Структуры повседневности: возможное и невозможное — страница 142 из 187

Таким образом, вдоль реки, если оборотиться к ней спиной, располагалось сердце Лондона — Сити, 160 га пространства, заполненного скоплением домов, улиц, площадей в пределах старых городских стен. Эти стены, возведенные на древней римской крепостной ограде, к XII в. исчезли со стороны реки — там, где набережные, пристани, понтонные мосты уже очень рано прорвали их бесполезное прикрытие. Напротив, вдоль ломаной линии, очень грубо очерчивающей дугу, проходящую от Блэк-Фрайерсстепс или от Бердуэлл-дока до Тауэра, стены сохранились. Они имели семь ворот: Ладгейт, Ньюгейт, Олдерсгейт, Криплгейт, Мургейт, Бишопсгейт и Олдгейт. Перед каждыми из них далеко выдвинутые в предместье шлагбаумы показывали границу, до которой распространялась власть Лондона. Присоединенные таким образом предместья образовывали округа вне городских стен (liberties), порой обширные: шлагбаум перед Бишопсгейтом находился почти около Смитфилда, к западу от Холборна. Точно так же, выйдя через ворота Ладгейт, нужно было пройти целиком Флит-стрит, чтобы добраться наконец до Темпл-Бара у оконечности Стрэнда, возле бывшего храма тамплиеров. Долгое время Темпл-Бар будет просто деревянными воротами. Вот так Лондон, а вернее, Сити, задолго до царствования Елизаветы выплеснулся из своих тесных границ, распространившись на прилегавшие к нему деревни и соединившись с ними серией дорог и улиц, застроенных домами.

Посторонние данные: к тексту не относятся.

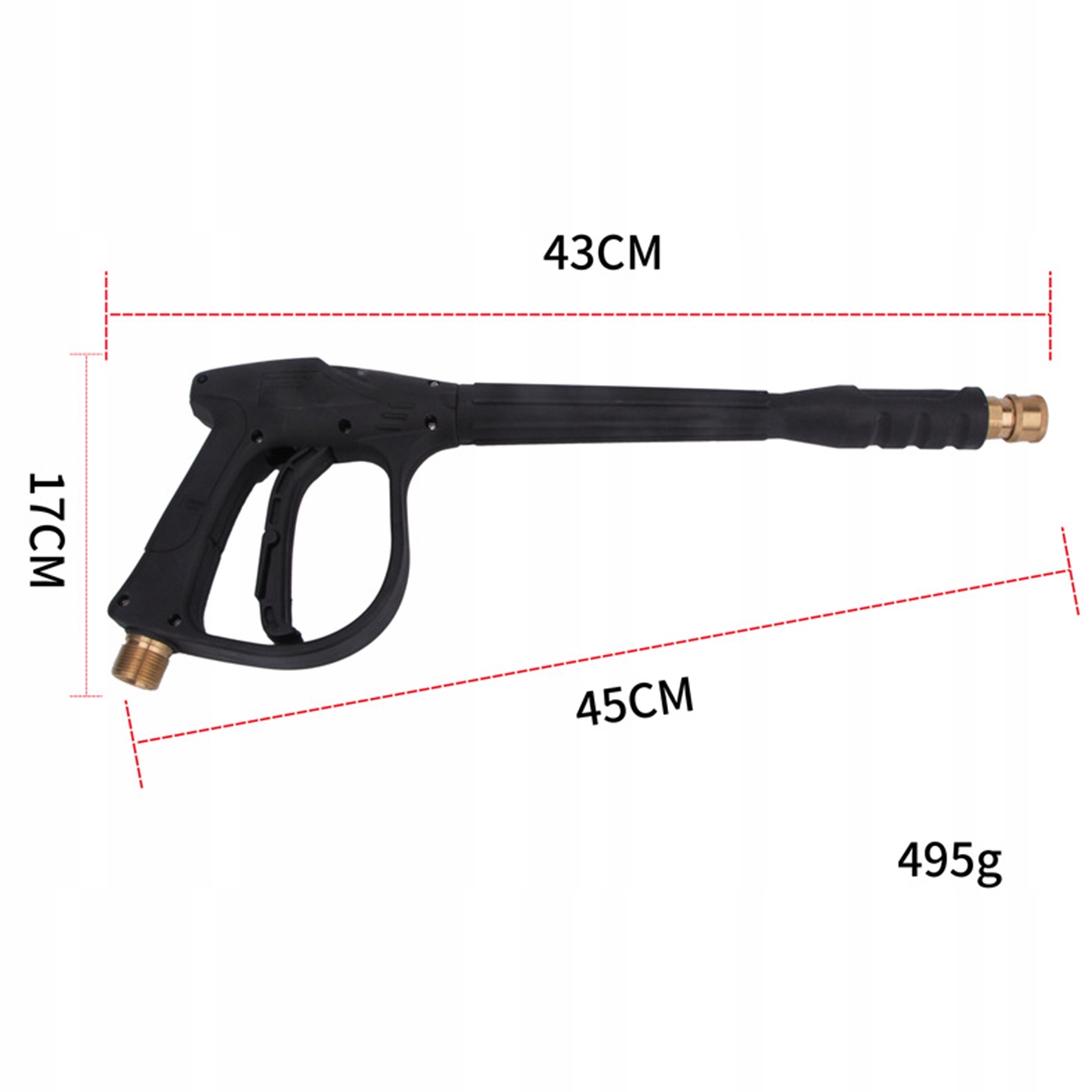 Гуманізація дизайну: збирайте довгі чи короткі мийні пістолети відповідно до ваших потреб. Наш запасний пістолет для мийки високого тиску підходить для більшості газових та електричних мийних машин із роз’ємом M22. Пістолет має фіксатор курка, який запобігає випадковому пострілу. Ручка розроблена для більшого комфорту та кращого зчеплення.

Во времена Елизаветы и Шекспира сердце города билось именно внутри городских стен. Центр этой жизни располагался вдоль оси, протянувшейся от Лондонского моста к северу и ведшей к воротам Бишопсгейт по улицам с разными названиями. Ось запад-восток проходила по нескольким улицам от Ньюгейта на западе до Олдгейта на востоке. При Елизавете «перекрестие» осей находилось по соседству со Стокс-Маркет, у западной оконечности Ломбард-стрит.

В двух шагах отсюда, на Корнхилл, возвышалась Ройял-Эксчейндж, основанная в 1566 г. Томасом Грешэмом и поначалу названная в память антверпенской Биржи — Королевской биржей (легенда на гравюре XVII в. гласит: Лондонская биржа, в просторечии Ройял-Эксчейндж — Byrsa Londinensis, vulgo the Royal Exchange), Это последнее название ей принудительно «пожаловала» Елизавета в 1570 г. Очевидцы говорят, что, то было настоящее вавилонское столпотворение, особенно около полудня, когда туда приходили купцы для своих взаимных расчетов. Но и вокруг дворов Биржи самые шикарные лавки [города] постоянно привлекали богатую клиентуру. Неподалеку от Биржи находятся сразу и Гилдхолл, т. е. в общем и целом лондонская Ратуша, и первый Английский банк, который поначалу, до того как перебрался в 1734 г. в свое пышное здание, размещался в Гросерсхолле, складах пряностей.

Интенсивность лондонской городской жизни проявлялась также и на рынках города, например на обширном пространстве Уэст-Смитфилда, рядом с городскими стенами, где по понедельникам и пятницам продавали лошадей и скот. Или на рыбном рынке Биллингсгейт на Темзе, или же в самом сердце Сити, в покрытом свинцовой кровлей Лиденхолле, бывшем ранее хлебным складом, где в больших масштабах продавались свежее мясо и кожи. Но невозможно было бы все рассказать об этих важнейших центрах, о тавернах, ресторанах, о театрах, обычно находившихся на окраинах и потому любимых среди простого люда, или о кофейнях (coffee houses), которые уже в XVII в. были настолько посещаемыми, что правительство станет подумывать о том, чтобы их запретить. А что до злачных мест, то благодаря злословию и заблуждениям их приписывали всем улицам, а не только тем упраздненным монастырям, где нищие выступали в роли скваттеров, Лондону доставляло большое удовольствие злословить о самом себе.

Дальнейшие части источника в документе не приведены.